Hollywood’s clear lesson for brands

September 12, 2018
Mohammed Bin Tarjim
Mohammed Bin Tarjim

By Mohammed Bin Tarjim

Communications Expert


IN the old days, Hollywood’s movies held little bearing to our lives and had even fewer lessons. Savvy Hollywood observers have noted how hot topics in society are now where most Hollywood movies are set.

This lesson is loud and clear that context is everything.

Is climate change a concern for you? San Andreas might interest you more. Impressed by Elon Musk’s efforts? Any movie with rockets in it might attract you. Did you follow the Black Lives Matter movement? Maybe you are not surprised to see the Black Panther is so popular. You could even see the difference between The Big Short and the original Wall Street movie given the different contexts those movies sit in.

In terms of marketing, when your job was making people aware of your brand it was you who decided, as marketing manager, what the brand meant.

That is no longer the case. Marketers no longer define the brand. The user does because they have more access to information now. And they use it. Even brand names with legendary reputations such as Procter & Gamble or Unilever have to sure that as a company they are walking their marketing talk. It is nothing these days for customers and non-customers to thoroughly read a company’s policies published on-line and cross-reference against the companies real-time actions.

Consumers are empowered.

Who are we marketing to? Who is your target audience? You should say it is anyone whom you want to have share of wallet.

This now means millennials. What is completely different about them is important to restate. They grew up as digital natives. So, they can and they do research and check on-line quickly. They also are rather impervious to traditional media, especially advertising. They can ignore it or accept it faster than other generations. They can google, ask Siri or talk to Alexa. They won’t visit a cinema or turn on a TV if they can watch Netflix on-line as they wish.

The only way to reach this generation is to be more like Hollywood. You have to be contextual. You must maintain a contextual response to their questions and concerns, their interests and their values. You have to contextualize your brand and where it sits within their universe.

For a brand’s marketing team, you can’t any longer do a printed brochure. You can’t do a batch and blast email. Your brochure will be binned unseen. And your email will be caught in many filters and deleted unseen.

What we now see is much more personalisation in marketing, sometimes utilising AI, to bring the brand as much as possible to an individual relationship level. That’s what millennials are now responding to. They are individuals. If you want their attention, their time, their support, their money and possibly brand-endorsement, you better get to know them; one by one.

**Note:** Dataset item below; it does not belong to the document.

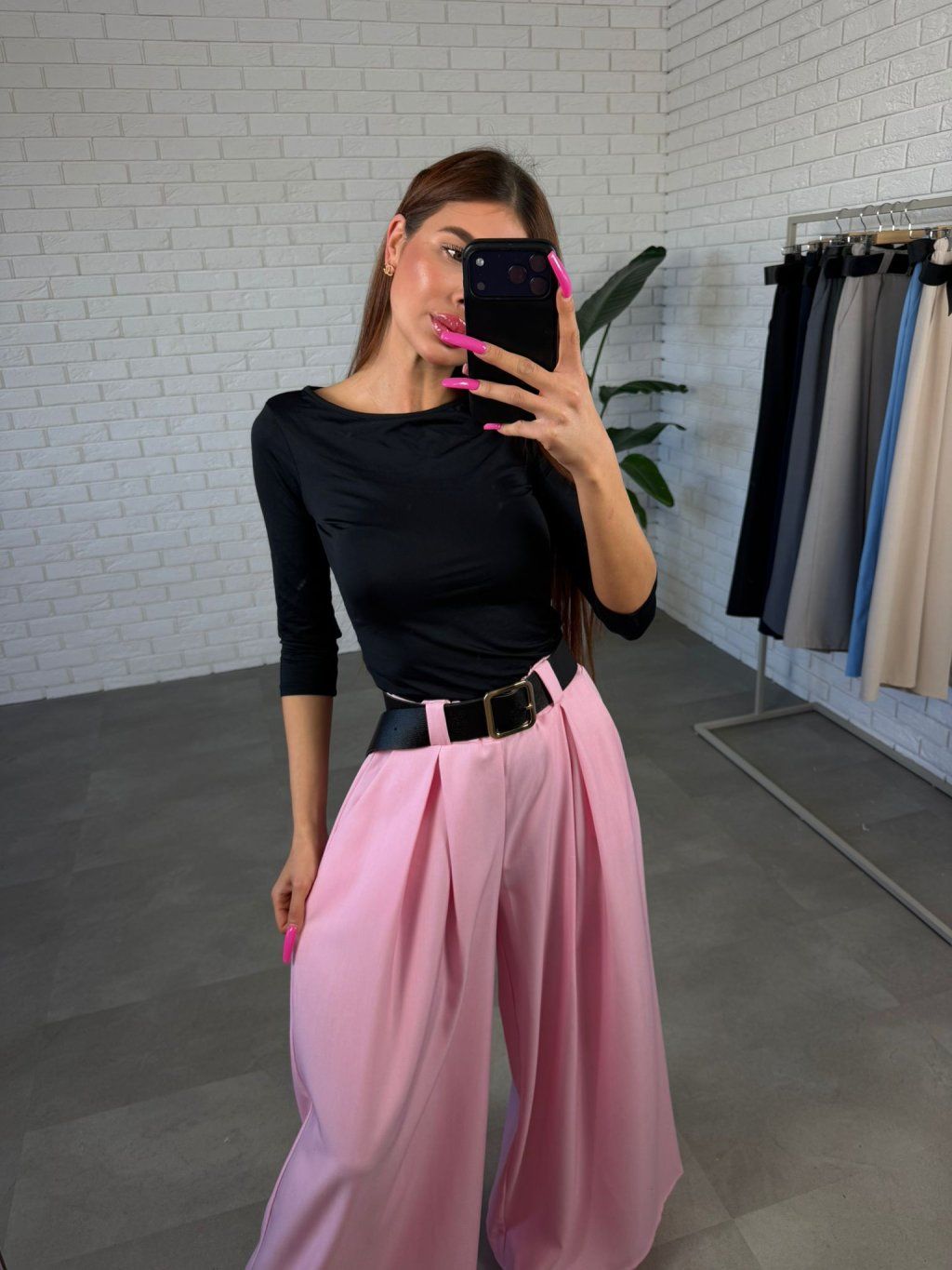 Vysoký pas s volnou elastickou gumou se přizpůsobí postavě a pohodlně sedne i na větší bříško. Součástí kalhot je také pásek, který zvýrazní pas a dodá celému outfitu elegantní detail. Praktickým prvkem jsou také kapsy po bocích.

In this sense, even marketers much-loved segmentation efforts are losing out against context. The realization here is that an individual’s context is more important to know than the brand’s context.

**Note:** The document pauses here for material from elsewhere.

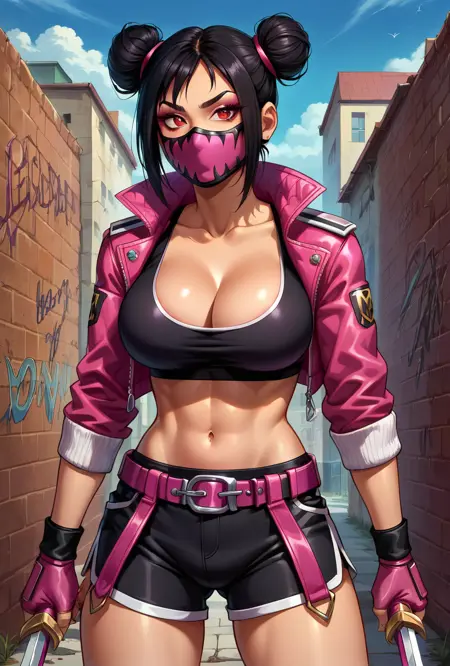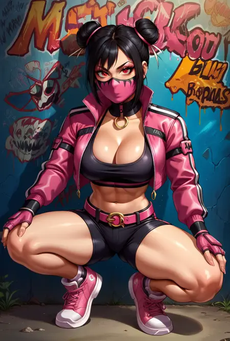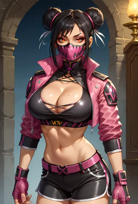 Mortal Kombat 1, Mileena, Official Alternate Outfit, Black Hair, Hair Buns, Glowing Blood Red Eyes, Pink Mouth Mask, Open Cropped Pink Puffer Jacket, Exposed Midriff, Black Sports Bra, Cleavage, Pink Fingerless Gloves, 2 Pink Belts, Skin Tight Black Shorts, Pink Sneakers

To know the consumers context is where things are becoming very interesting or marketers. Interesting and tricky. To know the consumers context now requires marketer to collect as much information as possible. You have to look at as many touch points as possible for a consumer to have a chance at knowing their context and potentially responding to it.

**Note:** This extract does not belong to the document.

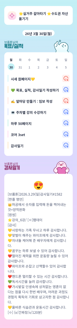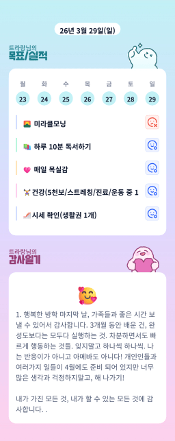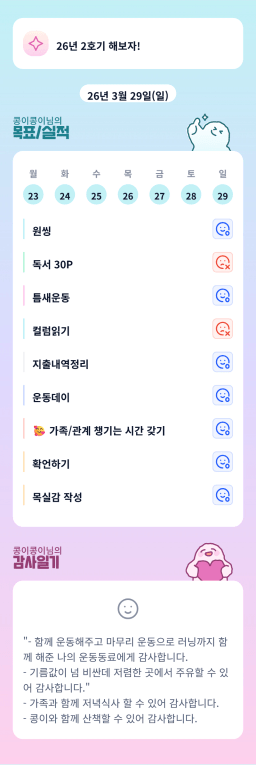 [콩이콩이] 목실감 누적 236일, 연속 236일 진행중(260329)
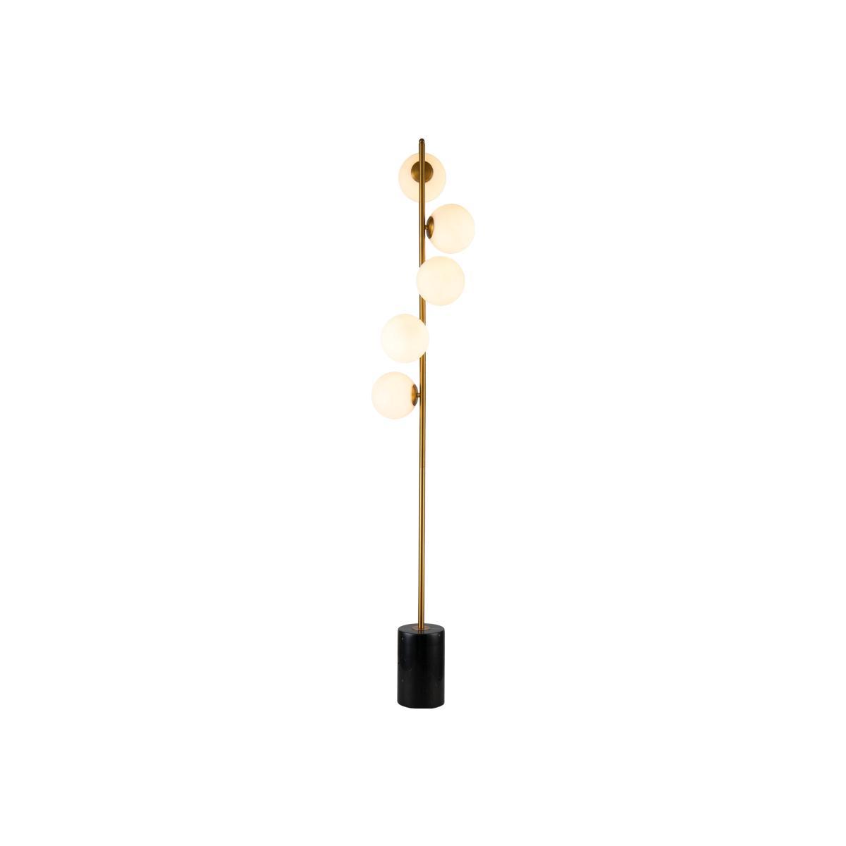 I love this floor lamp for its sleek, contemporary design with a touch of glamour - the golden accents and unusual globe arrangement make it a real statement piece. It works particularly well in modern and minimalist interiors, adding warmth and visual interest without overwhelming the space. For styling tips, consider placing it next to a neutral sofa or armchair to create a cosy reading nook, or in a corner where it can highlight architectural details. This lamp pairs beautifully with layered textures and subtle colour palettes, making it versatile enough to elevate various living room or bedroom schemes. It's both functional and decorative, making it an excellent choice for bringing a sophisticated vibe to your home.

Gathering context, synthesizing it and trying to individualise it is the key while trying to not seem too creepy seeming to digitally stalk by reacting too fast or too aggressively without finesse.

Hollywood is obviously brilliant at figuring out what movies to make. They have to make big calculations based on who will actually attend a movie. They don’t make movies for the fun of it or as artistic indulgence. They know what is on people’s minds. They know what is the zeitgeist.

Look at the resurgence of the Star Wars movie franchise. Hollywood knew the average age of people who saw the original Star Wars movies in the 1970’s. They knew that a large proportion of those people would come back to see the new movies. And they would bring their children, introducing them directly to the characters, concepts, stories and ideas. This direct referral is normally a marketer’s dream.

What is the Star Wars context? Entrepreneur Elon Musk is featured regularly in breaking world news sending re-usable rockets into space. He also talks about flying to colonise Mars.

Meanwhile Google launches driverless cars, Amazon is delivering books and groceries by drones, and the US navy has unveiled a laser cannon on a modern warship.

Technology has emerged in the modern day in ways we could almost never imagine. But, the questions of convenience versus privacy are now debated. So too we see advancements in technology now debated in the context of whose controls it all? Good versus evil intentions are playing out in politics, economics and society. And Hollywood starts rolling out movies that ‘resonate’ and which ‘reflect’ real life.

Hollywood’s movies are often still familiar stories but their context is highly crafted to the consumer’s context. The world is changing. The consumer, especially Millennials are different, they are powerful and can still avoid you if you don’t really know them. This is what Hollywood is getting right. And this is what brand managers need to know about their role. In many ways the audience owns your brand. So you had better know them as much as you can.

Hollywood knows content is king, but context is everything.